Angka tersebut di era normal hanya cukup untuk membayar honor satu artis saja di luar aspek pendukungnya. Namun, di era pandemi, artis-artis rela menyumbangkan keahliannya demi keberlangsungan hidup para pekerja seni.
“Kita dealing dengan artis-artis yang mau bergabung. Artis-artisnya mau ikut dengan sukarela,” jelas Gya Anandini Hardono penanggung jawab pemasaran yang juga merupakan anak pemilik studio DSS Music.
Siapa pun boleh bergabung untuk konser. “Sebanyak berapa pun donasi yang diterima, setengahnya untuk para artis dan setengahnya untuk pekerja seni dan tim produksi,” lanjut Gya lagi.
Seperti yang dikatakan Aldo Sianturi sebelumnya, konser online harus berbiaya rendah dengan dampak yang besar. Konser online Vina kemarin berhasil menjaring lebih dari 3600 penonton selama tayangan langsung. Beruntung studio DSS Music tidak perlu menambah pengeluaran untuk alat produksi tayangan langsung online.
Konser tayangan langsung online ternyata bisa menghasilkan uang, ini membuka peluang ke depannya untuk menjual konser online. Aldo Sianturi menunjukan tayangan langsung di Youtube, berupa konser lagu-lagu daerah Sumsatera Utara yang dilakukan para musisi dan penyanyi Parsadaan Anak Boru Bere Raja Simatupang (PABRS) berhasil mengumpulkan donasi 50 juta rupiah dalam beberapa jam.

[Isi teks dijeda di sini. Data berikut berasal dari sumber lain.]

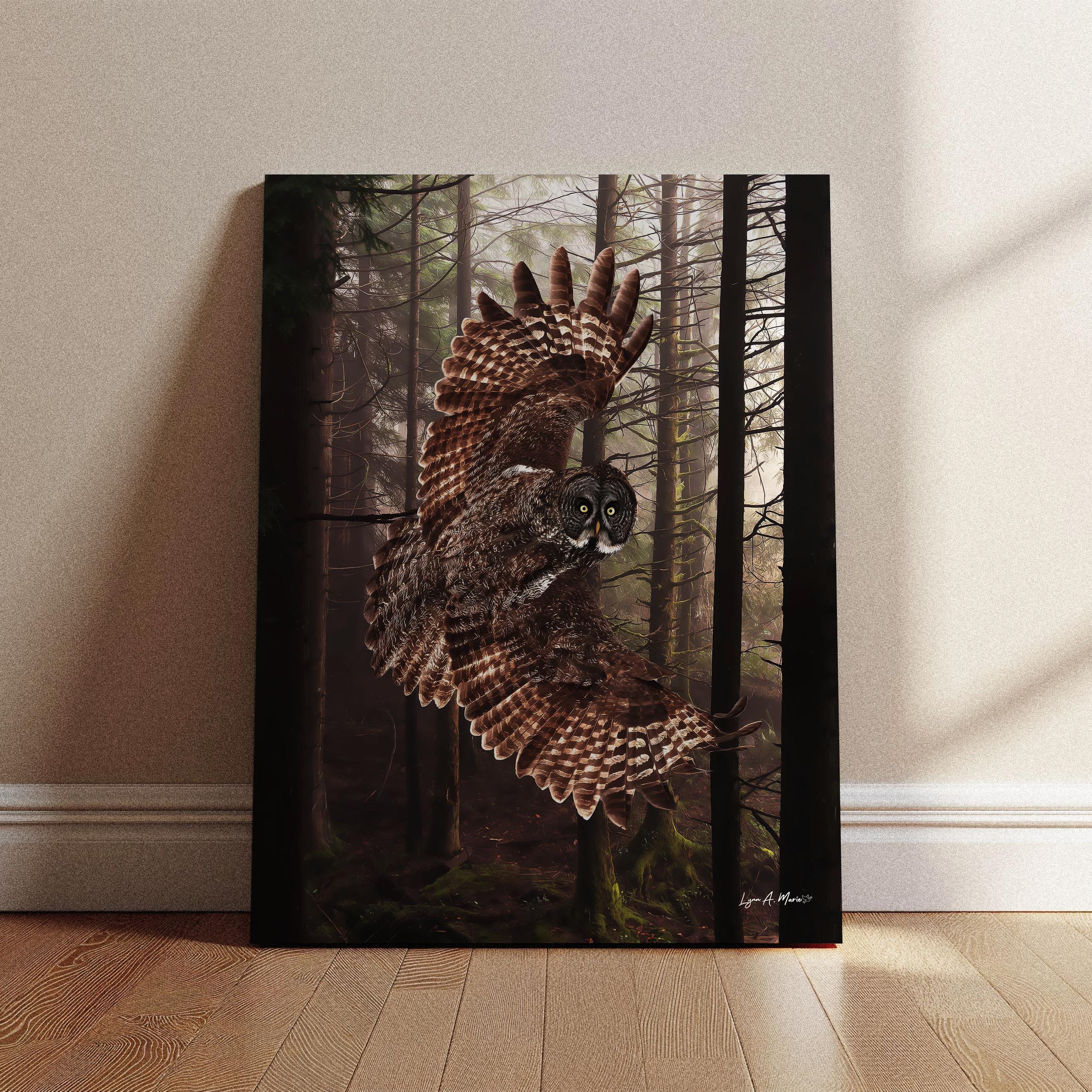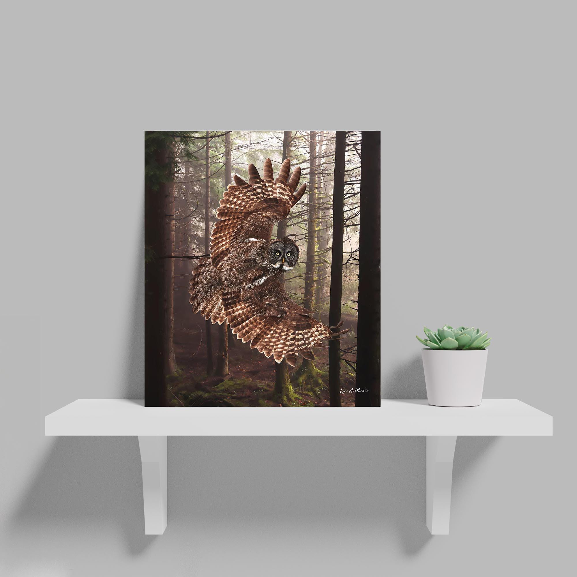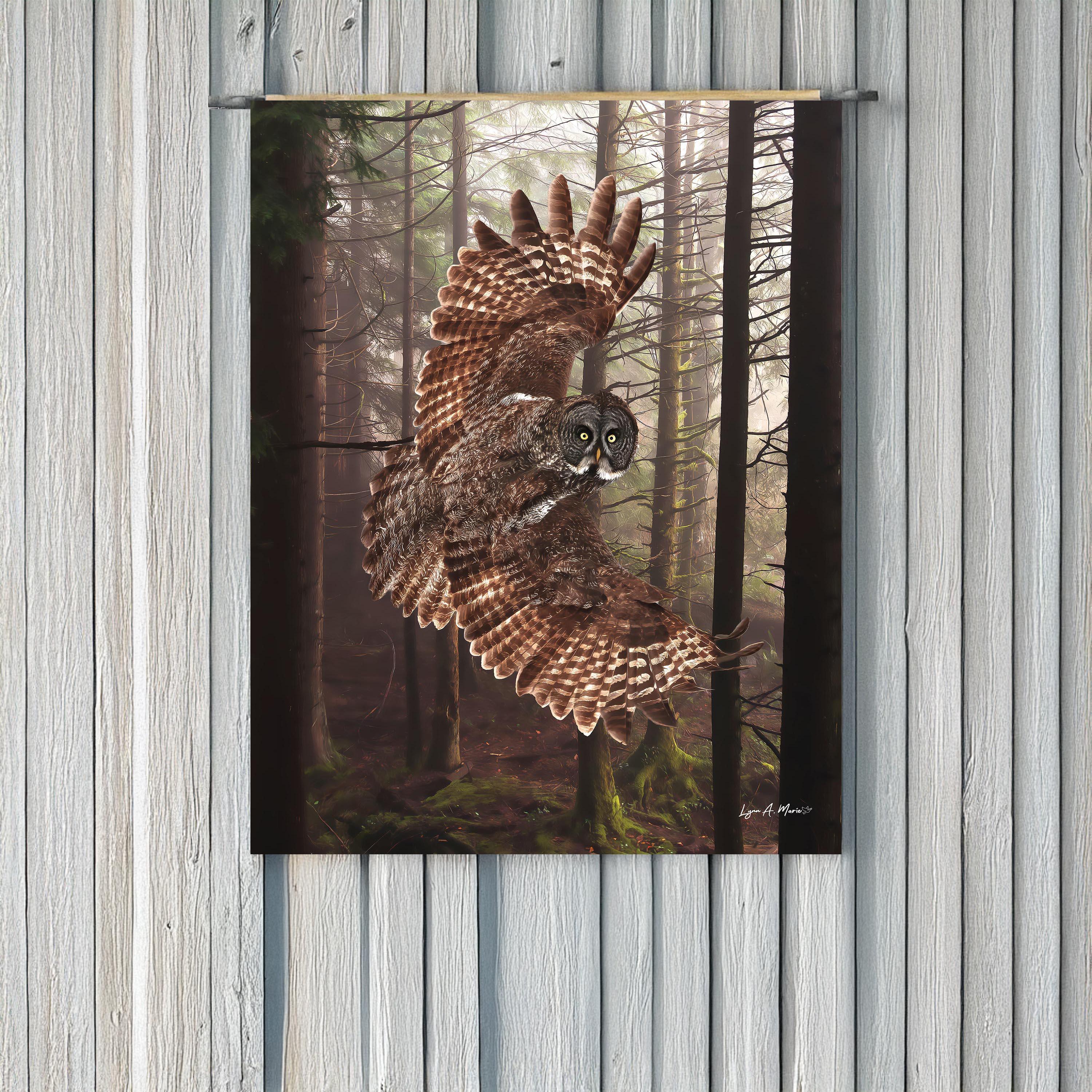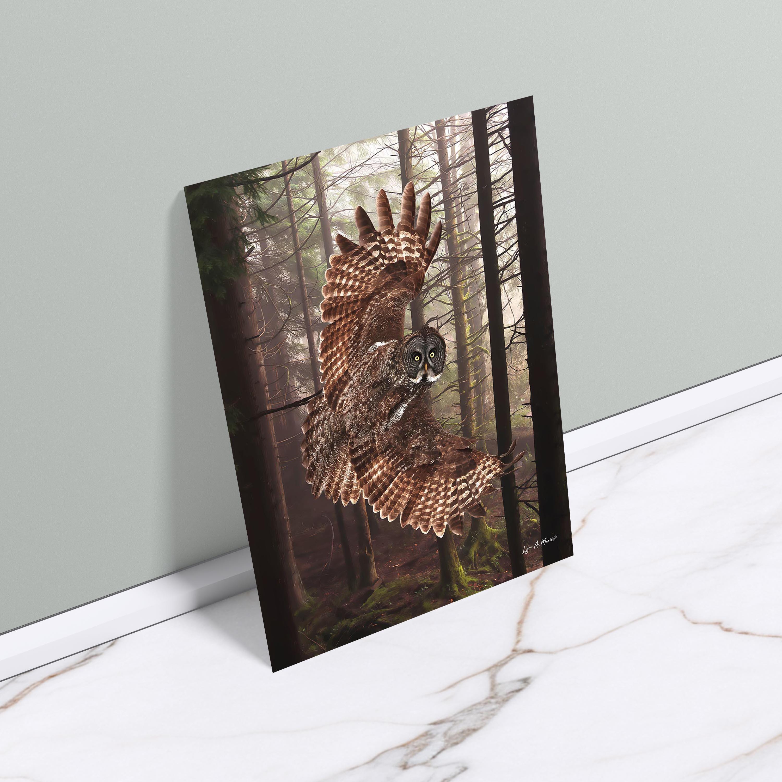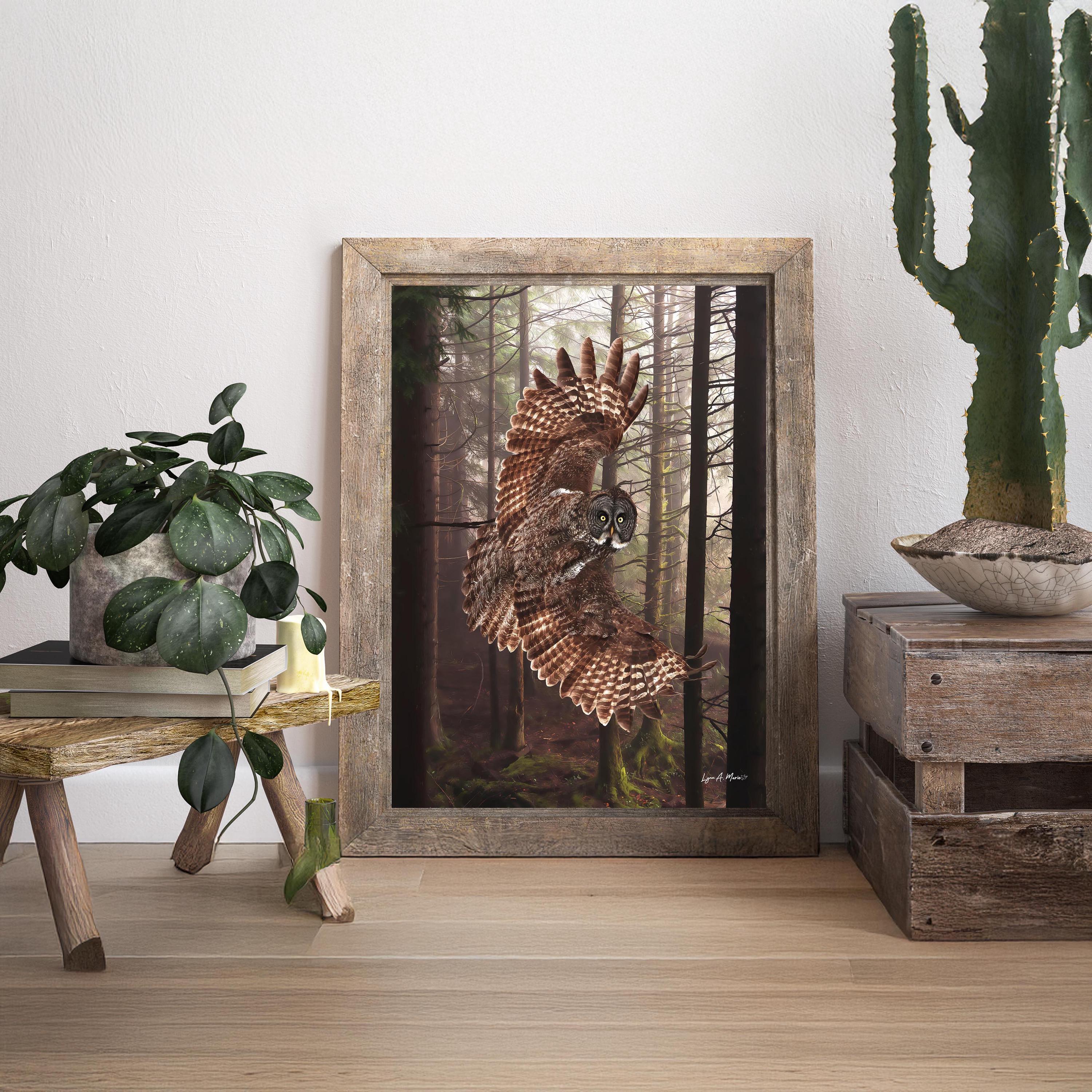 Bring the calm beauty of the woods into your home with this Great Gray Owl piece. This signed art print captures a serene forest landscape and makes stunning living room wall art, cabin art, or a unique gift for any nature lover. This detailed nature art work adds warmth and depth as rustic home décor while highlighting the quiet power of wildlife. Perfect for those who appreciate authentic wildlife artwork, peaceful landscape scenes, and standout owl decor. This timeless nature art print brings the wild straight into your space.
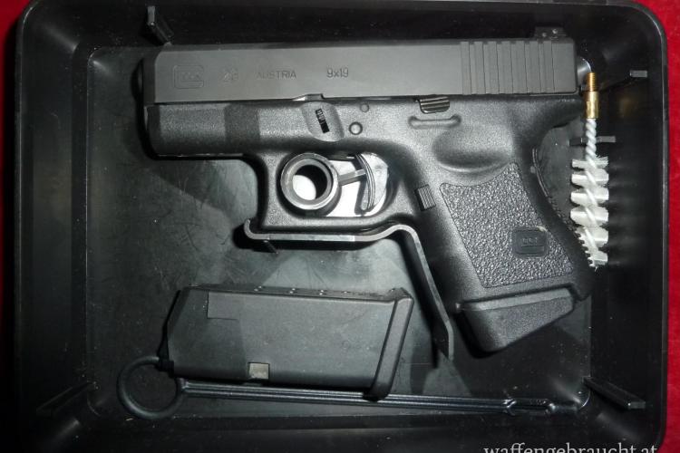 Pistole, Glock, Mod.: 26, Kal.: 9mm Para, Nr.: CHT865, Lauflänge: 87mm, zwei Magazine, höhen- und seitenverstellbares Visier, gebraucht, sehr guter Erhaltungszustand, der Lauf innen spiegelblank, die Brünierung nur an manchen kanten ein wenig abgerieben, Wiener Beschuß, dazu die Originalverpackung aus schwarzem Kunststoff

Meski begitu, ia menyatakan kondisi pasar saat ini sedang mengencangkan ikat pinggang. Mereka memilih artis mana yang ingin mereka sawer. Sosok sang artis berperan untuk mengumpulkan banyak saweran atau donasi. Ia memprediksi setelah pandemi, konser konvensional tetap berlangsung, tapi juga bisa menjual tayangan langsungnya ke orang yang tak bisa datang ke konser.
Suatu saat tak perlu pergi ke Singapore atau Australia untuk menonton konser musisi internasional. Anda cukup membayar dan bisa menonton tayangan langsung lewat gawai dari mana saja, istilahnya pay per view.
Hal ini ternyata sudah dilakukan di Indonesia. Musisi Indra Lesma dan Dewa Bujana pada 30 April 2020 kemarin, untuk pertama kalinya melakukan tayangan langsung online yang mereka sebut Realtime Remote Live Collaboration. Permainan musik live dari dua (atau lebih) musisi antar wilayah yang ditayangkan secara live internet broadcast yang dapat diakses melalui pembelian tiket. Penyelenggaranya adalah Loketdotcom. Penonton yang membayar akan diberi e-voucher yang berisi link untuk akses tayangan langsungnya.
Baca Juga: Normal Baru, Bisnis Ada Saat Pertumbuhan Lambat dan Sulit Cari Pembeli
Ke depannya, akan ada banyak pemain yang menjual panggung musik daring. Itu sudah diprediksi Aldo dan Gya Hardono. Untuk menguatkan daya saing, Gya memberi kekhasan pada konser tayangan langsung di studionya. “Sistem kita intimate concert, penonton bisa chatting dengan artisnya. Jadi kaya tempat ngobrol lah. Jadi misalnya penonton menulis dijawab langsung sama Vina Panduwinata. Wah, ini artis idola saya menyebut nama saya. Akhirnya mereka berdonasi,” jelas Gya.
Lewat obrolan online itu penonton juga bisa meminta bahkan melelang lagu untuk dinyayikan oleh sang artis idolanya. Keintiman ini yang dijadikan cirinya. Ke depannya akan banyak pemain yang menjual konser tayangan langsung dengan cirinya masing-masing. Pandemi membuka ruang untuk berinovasi.